### Your assignment
Set down every entry again word for word, please, but skip the pictures.

### Exercise inputs
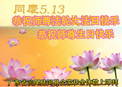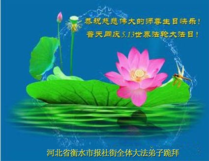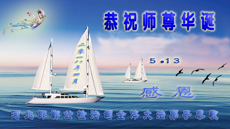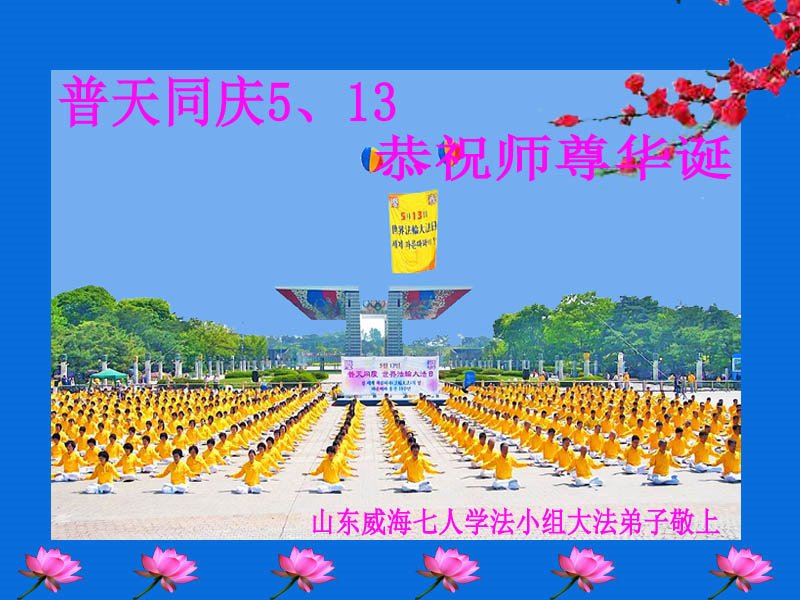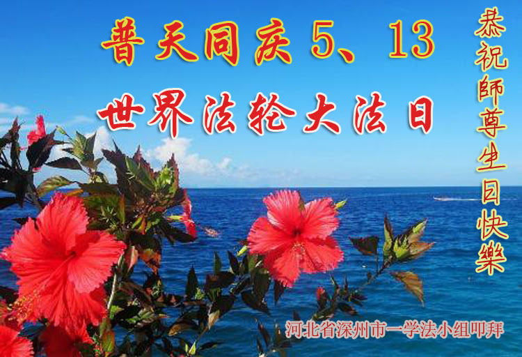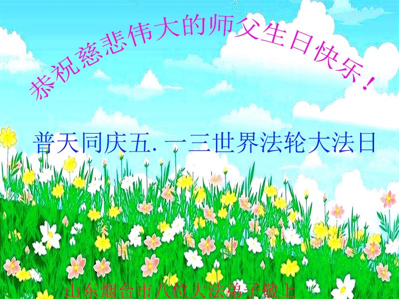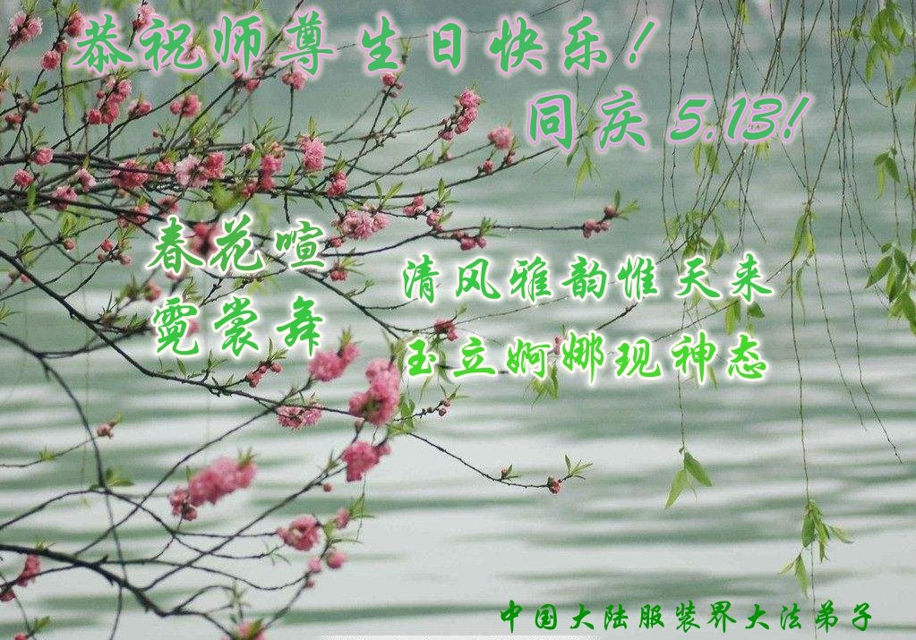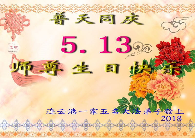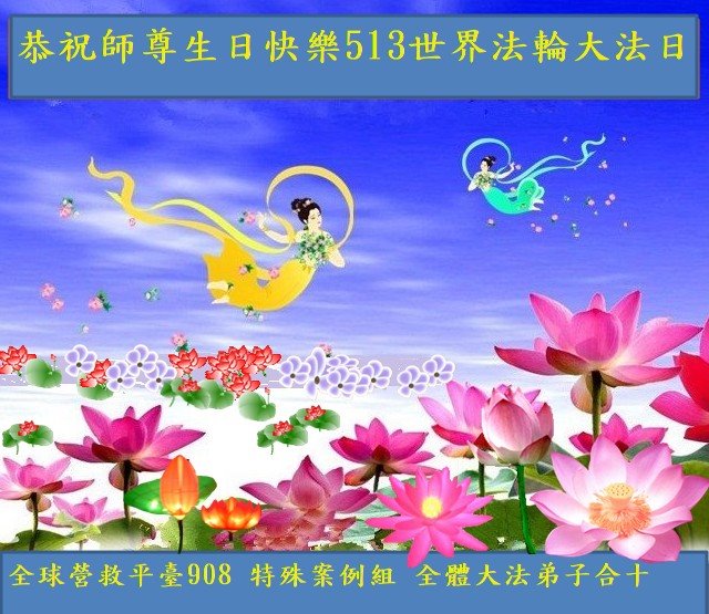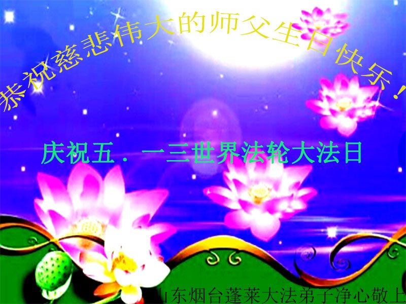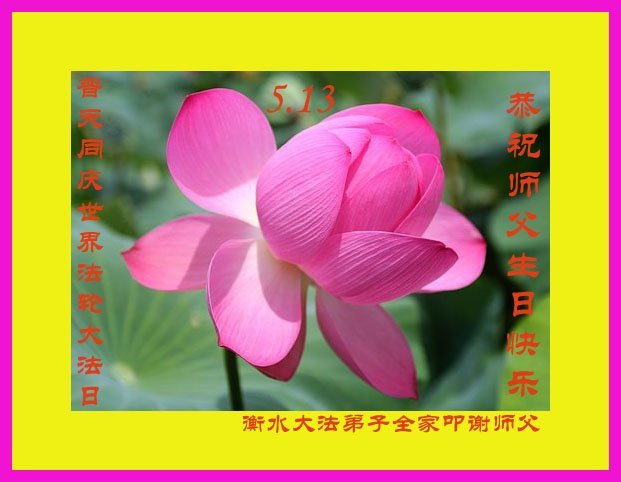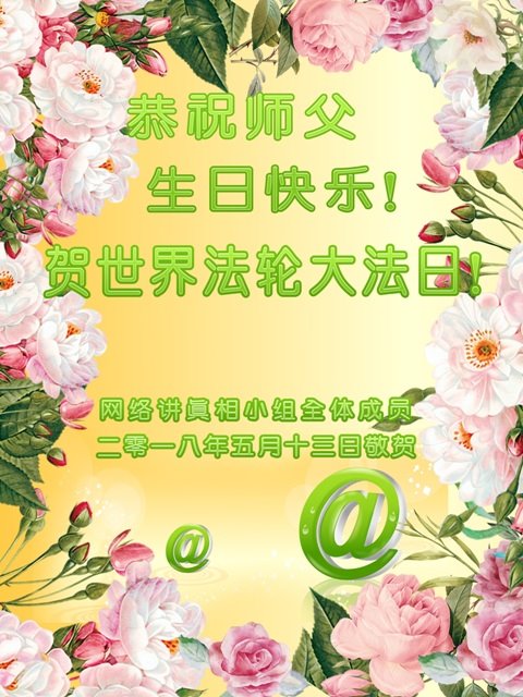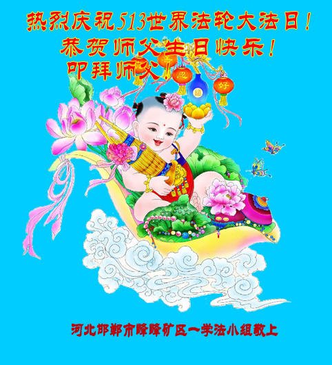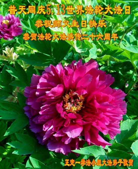 5月13日-----世界法轮大法日!在这普天同庆的美好时刻,全球电话组DHT平台紧急接力组全体大法弟子恭祝慈悲伟大的师尊:生日快乐!
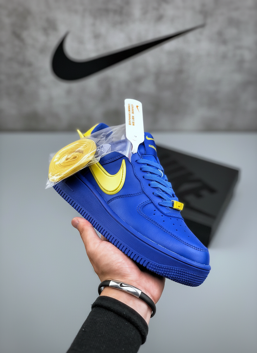 Nike Air Force 1 Low Blue Yellow Sneakers, premium leather, classic design, durable sole, extra yellow laces, perfect for casual wear and street style fashion.
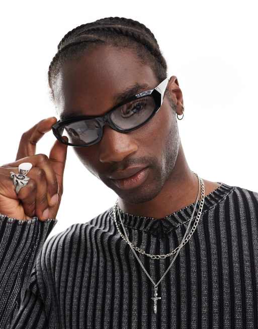 ASOS DESIGN - Racer-zonnebril met doorzichtige glazen in zwart
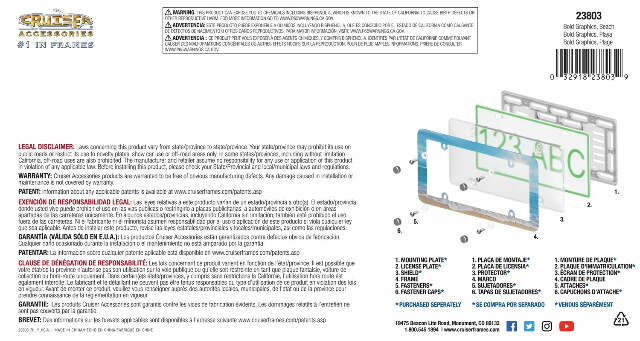 Cruiser Accessories is a family owned business that has been manufacturing and selling license plate frames for over 30 years. Through innovation, attention to detail and many patented designs, Cruiser has evolved into the largest supplier of license plate frames, novelty plate shields and mounting hardware in the automotive aftermarket. Cruiser's product line also includes both standard and exclusive Star Pin locking hardware, designer fastener caps, mounting accessories, motorcycle frames and 3d-Cals decals. Let Cruiser Accessories complete your ride's look today!
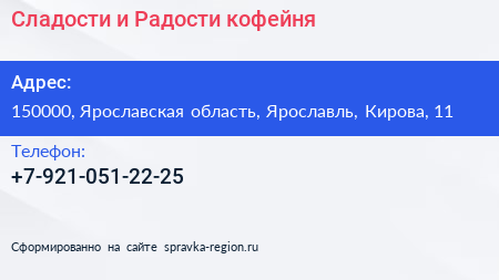 Сладости и Радости, кофейня по адресу 150000, Ярославская область, Ярославль, Кирова, 11 в дальнейшем Организация, размещена в следующих категориях:
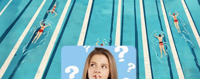 Unten siehst du ein Bild mit einem Schwimmbad. Auf den Bahnen schwimmen Menschen. Es scheint ein ganz normaler Tag zu sein, was ist daran so seltsam? Aber es gibt eine kleine Nce, die das Bild „verdirbt“. Sie müssen herausfinden, worum es sich handelt.
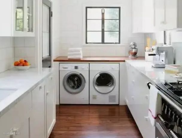 如果家里实在是没有地方放,可以考虑放厨房,这是最后的一个选择。但是厨房不是很建议放洗衣机。厨房油烟大,洗衣机久了容易油腻腻。另外每次洗完澡要从卫生间拿去厨房洗,动线不大合理。
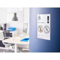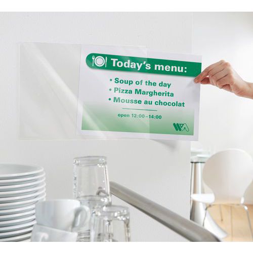 Pochette murale adhésive transparente, très pratiques pour la mise à jour régulière d'informations.
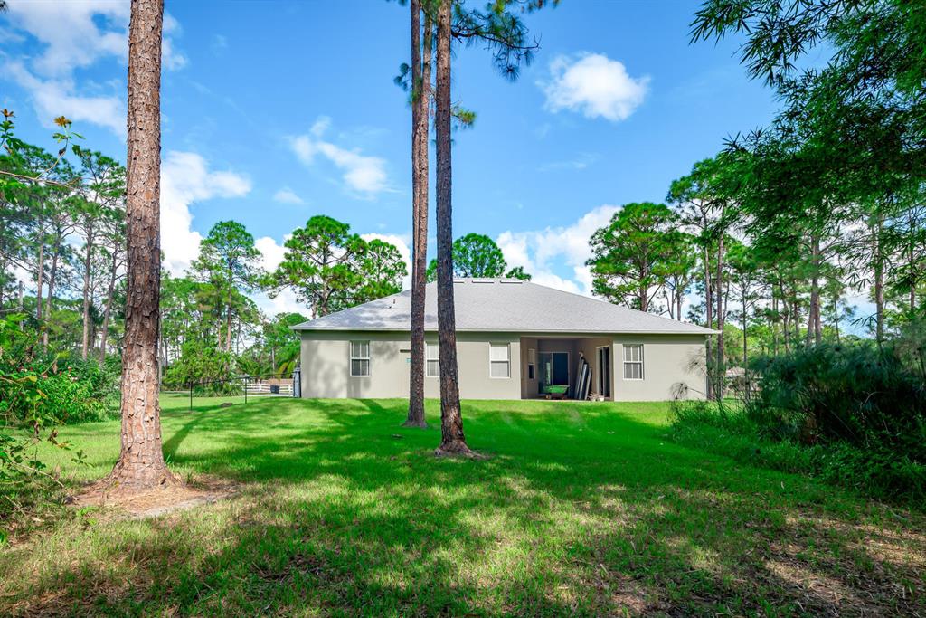 From the moment you enter this Centex built home, the high ceilings and 4 bedrooms make this house feel much larger than the 2,220 sqft. Fresh paint, beautiful built-in closets in the Master, wood laminate flooring in the bedrooms, high-top bar around the kitchen and many more things to see. Entertain guests with a formal dinning room and huge family room for those special occasions. Fenced in yard and 1.15 acre lot have plenty of space to store your toys and animals to run free! It's in the Northeastern area of the Acreage, allowing easy access in and out. Citrus Grove Park is less than a mile away!!
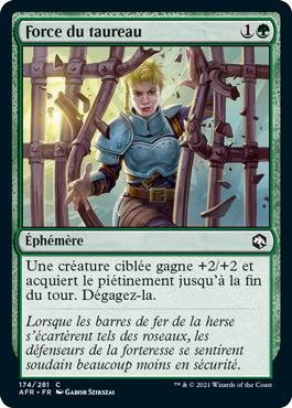 • Une créature ciblée gagne +2/+2 et acquiert le piétinement jusqu'à la fin du tour. Dégagez-la.

### Solution to this exercise
 5月13日-----世界法轮大法日!在这普天同庆的美好时刻,全球电话组DHT平台紧急接力组全体大法弟子恭祝慈悲伟大的师尊:生日快乐!
 Nike Air Force 1 Low Blue Yellow Sneakers, premium leather, classic design, durable sole, extra yellow laces, perfect for casual wear and street style fashion.
 ASOS DESIGN - Racer-zonnebril met doorzichtige glazen in zwart
 Cruiser Accessories is a family owned business that has been manufacturing and selling license plate frames for over 30 years. Through innovation, attention to detail and many patented designs, Cruiser has evolved into the largest supplier of license plate frames, novelty plate shields and mounting hardware in the automotive aftermarket. Cruiser's product line also includes both standard and exclusive Star Pin locking hardware, designer fastener caps, mounting accessories, motorcycle frames and 3d-Cals decals. Let Cruiser Accessories complete your ride's look today!
 Сладости и Радости, кофейня по адресу 150000, Ярославская область, Ярославль, Кирова, 11 в дальнейшем Организация, размещена в следующих категориях:
 Unten siehst du ein Bild mit einem Schwimmbad. Auf den Bahnen schwimmen Menschen. Es scheint ein ganz normaler Tag zu sein, was ist daran so seltsam? Aber es gibt eine kleine Nce, die das Bild „verdirbt“. Sie müssen herausfinden, worum es sich handelt.
 如果家里实在是没有地方放,可以考虑放厨房,这是最后的一个选择。但是厨房不是很建议放洗衣机。厨房油烟大,洗衣机久了容易油腻腻。另外每次洗完澡要从卫生间拿去厨房洗,动线不大合理。
 Pochette murale adhésive transparente, très pratiques pour la mise à jour régulière d'informations.
 From the moment you enter this Centex built home, the high ceilings and 4 bedrooms make this house feel much larger than the 2,220 sqft. Fresh paint, beautiful built-in closets in the Master, wood laminate flooring in the bedrooms, high-top bar around the kitchen and many more things to see. Entertain guests with a formal dinning room and huge family room for those special occasions. Fenced in yard and 1.15 acre lot have plenty of space to store your toys and animals to run free! It's in the Northeastern area of the Acreage, allowing easy access in and out. Citrus Grove Park is less than a mile away!!
 • Une créature ciblée gagne +2/+2 et acquiert le piétinement jusqu'à la fin du tour. Dégagez-la.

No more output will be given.